Administrative framework: Cloudera Manager is a comprehensive administrative tool for CDH.
CDH is written in Java, and Java is the language for applications development. However, several CDH utilities and other software available on Oracle Big Data Appliance provide graphical, web-based, and other language interfaces for ease of use.
The major software components perform three basic tasks:
Analyze and visualize
The best tool for each task depends on the density of the information and the degree of structure. Figure 1-2 shows the relationships among the tools and identifies the tasks that they perform.
Oracle Big Data Appliance provides these facilities for capturing and storing big data:
Hadoop Distributed File System (HDFS)
Oracle NoSQL Database
Databases used for online transaction processing (OLTP) are the traditional data sources for data warehouses. The Oracle solution enables you to analyze traditional data stores with big data in the same Oracle data warehouse. Relational data continues to be an important source of business intelligence, although it runs on separate hardware from Oracle Big Data Appliance.
Cloudera's Distribution including Apache Hadoop (CDH) on Oracle Big Data Appliance uses the Hadoop Distributed File System (HDFS). HDFS stores extremely large files containing record-oriented data. On Oracle Big Data Appliance, HDFS splits large data files into chunks of 256 megabytes (MB), and replicates each chunk across three different nodes in the cluster.
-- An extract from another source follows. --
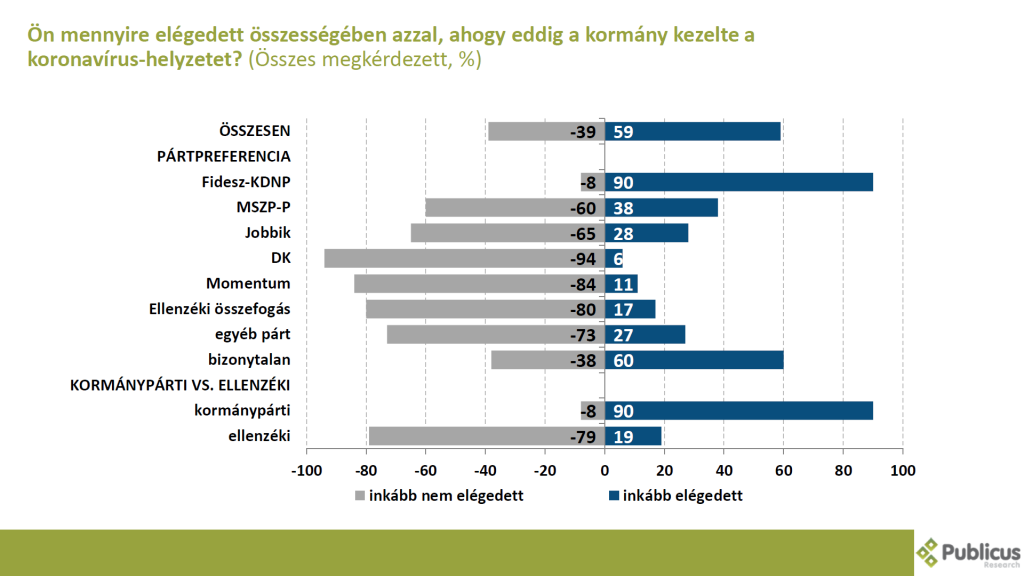 Tízből hat (59 százalék) megkérdezett inkább elégedett összeségében azzal, ahogy eddig a kormány kezelte a koronavírus-helyzetet. Tízből kilenc (90 százalék) Fidesz szavazó elégedett a kormány teljesítményével. Ezzel szemben tízből nyolc ellenzéki szavazó (79 százalék) inkább nem elégedett azzal, hogy a kormány milyen lépések tett a koronavírus-válság során.

The size of the chunks and the number of replications are configurable.
Chunking enables HDFS to store files that are larger than the physical storage of one server. It also allows the data to be processed in parallel across multiple computers with multiple processors, all working on data that is stored locally. Replication ensures the high availability of the data: if a server fails, the other servers automatically take over its work load.
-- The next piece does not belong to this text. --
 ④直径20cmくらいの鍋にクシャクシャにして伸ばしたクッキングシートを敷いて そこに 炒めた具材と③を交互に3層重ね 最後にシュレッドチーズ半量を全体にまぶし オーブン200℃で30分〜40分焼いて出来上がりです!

HDFS is typically used to store all types of big data.
For conceptual information about Hadoop technologies, refer to this third-party publication:
Hadoop: The Definitive Guide, Third Edition by Tom White (O'Reilly Media Inc., 2012., ISBN: 978-1449311520).
For documentation about Cloudera's Distribution including Apache Hadoop, see the Cloudera library at
Hive is an open-source data warehouse that supports data summarization, ad hoc querying, and data analysis of data stored in HDFS. It uses a SQL-like language called HiveQL. An interpreter generates MapReduce code from the HiveQL queries. By storing data in Hive, you can avoid writing MapReduce programs in Java.
Hive is a component of CDH and is always installed on Oracle Big Data Appliance. Oracle Big Data Connectors can access Hive tables.
Oracle NoSQL Database is a distributed key-value database built on the proven storage technology of Berkeley DB Java Edition. Whereas HDFS stores unstructured data in very large files, Oracle NoSQL Database indexes the data and supports transactions. But unlike Oracle Database, which stores highly structured data, Oracle NoSQL Database has relaxed consistency rules, no schema structure, and only modest support for joins, particularly across storage nodes.
NoSQL databases, or "Not Only SQL" databases, have developed over the past decade specifically for storing big data. However, they vary widely in implementation. Oracle NoSQL Database has these characteristics:
Uses a system-defined, consistent hash index for data distribution
Supports high availability through replication
Provides single-record, single-operation transactions with relaxed consistency guarantees
Provides a Java API
Oracle NoSQL Database is designed to provide highly reliable, scalable, predictable, and available data storage. The key-value pairs are stored in shards or partitions (that is, subsets of data) based on a primary key. Data on each shard is replicated across multiple storage nodes to ensure high availability. Oracle NoSQL Database supports fast querying of the data, typically by key lookup.
An intelligent driver links the NoSQL database with client applications and provides access to the requested key-value on the storage node with the lowest latency.
Oracle NoSQL Database includes hashing and balancing algorithms to ensure proper data distribution and optimal load balancing, replication management components to handle storage node failure and recovery, and an easy-to-use administrative interface to monitor the state of the database.
Oracle NoSQL Database is typically used to store customer profiles and similar data for identifying and analyzing big data. For example, you might log in to a website and see advertisements based on your stored customer profile (a record in Oracle NoSQL Database) and your recent activity on the site (web logs currently streaming into HDFS).
Oracle NoSQL Database is an optional component of Oracle Big Data Appliance and runs on a separate cluster from CDH.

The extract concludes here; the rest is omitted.